LLVM 源码分析 (一) pass 类



Pass interface - Implemented by all 'passes'. Subclass this if you are an interprocedural optimization or you do not fit into any of the more constrained passes described below. 

 
摘取自pass.h  更清晰显示pass类
#include "llvm/Support/Compiler.h"
#include <string>

namespace llvm {

class BasicBlock;
class Function;
class Module;
class AnalysisUsage;
class PassInfo;
class ImmutablePass;
class PMStack;
class AnalysisResolver;
class PMDataManager;
class raw_ostream;
class StringRef;

// AnalysisID - Use the PassInfo to identify a pass...
typedef const void* AnalysisID;

/// Different types of internal pass managers.
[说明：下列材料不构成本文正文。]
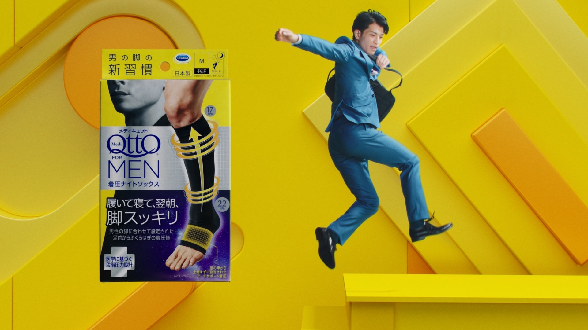メディキュットから男性向け製品が新発売することに際し、新TVCMを放映予定。男性が「メディキュット For MEN 着圧ナイトソックス」を着用して、寝ている間に脚を集中ケア。男性の脚に合わせた足首からふくらはぎの段階着圧で、脚を引き締めます 。メディキュット For MEN が叶える、 履いて寝て、翌朝スッキリした脚への満足感を描きました。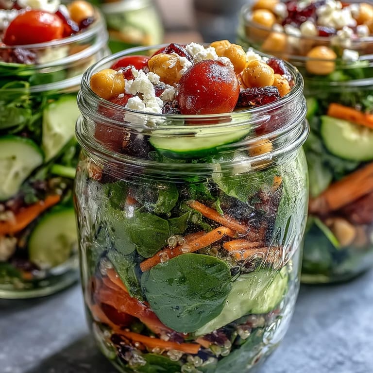 The first time I packed mason jar salads for friends heading out on a road trip, we scattered jars across a picnic table and debated who had built the best flavor tower. Laughter followed as someone discovered they'd layered dressing on top instead—lesson learned. It became a tradition: whoever gets soggy greens buys next week's veggies.

External pass managers
/// (PassManager and FunctionPassManager) are not represented here.
/// Ordering of pass manager types is important here.
enum PassManagerType {
  PMT_Unknown = 0,
  PMT_ModulePassManager = 1, ///< MPPassManager
  PMT_CallGraphPassManager,  ///< CGPassManager
  PMT_FunctionPassManager,   ///< FPPassManager
  PMT_LoopPassManager,       ///< LPPassManager
  PMT_RegionPassManager,     ///< RGPassManager
  PMT_BasicBlockPassManager, ///< BBPassManager
  PMT_Last
};

// Different types of passes.
enum PassKind {
  PT_BasicBlock,
  PT_Region,
  PT_Loop,
  PT_Function,
  PT_CallGraphSCC,
  PT_Module,
  PT_PassManager
};

//===----------------------------------------------------------------------===//
/// Pass interface - Implemented by all 'passes'.  Subclass this if you are an
/// interprocedural optimization or you do not fit into any of the more
/// constrained passes described below.
///
class Pass {
  AnalysisResolver *Resolver;  // Used to resolve analysis
  const void *PassID;
  PassKind Kind;
  void operator=(const Pass&) LLVM_DELETED_FUNCTION;
  Pass(const Pass &) LLVM_DELETED_FUNCTION;

public:
  explicit Pass(PassKind K, char &pid) : Resolver(0), PassID(&pid), Kind(K) { }
  virtual ~Pass();


  PassKind getPassKind() const { return Kind; }

  /// getPassName - Return a nice clean name for a pass.  This usually
  /// implemented in terms of the name that is registered by one of the
  /// Registration templates, but can be overloaded directly.
  ///
  virtual const char *getPassName() const;

  /// getPassID - Return the PassID number that corresponds to this pass.
  AnalysisID getPassID() const {
    return PassID;
  }

  /// print - Print out the internal state of the pass.  This is called by
  /// Analyze to print out the contents of an analysis.  Otherwise it is not
  /// necessary to implement this method.  Beware that the module pointer MAY be
  /// null.  This automatically forwards to a virtual function that does not
  /// provide the Module* in case the analysis doesn't need it it can just be
  /// ignored.
  ///
  virtual void print(raw_ostream &O, const Module *M) const;
  void dump() const; // dump - Print to stderr.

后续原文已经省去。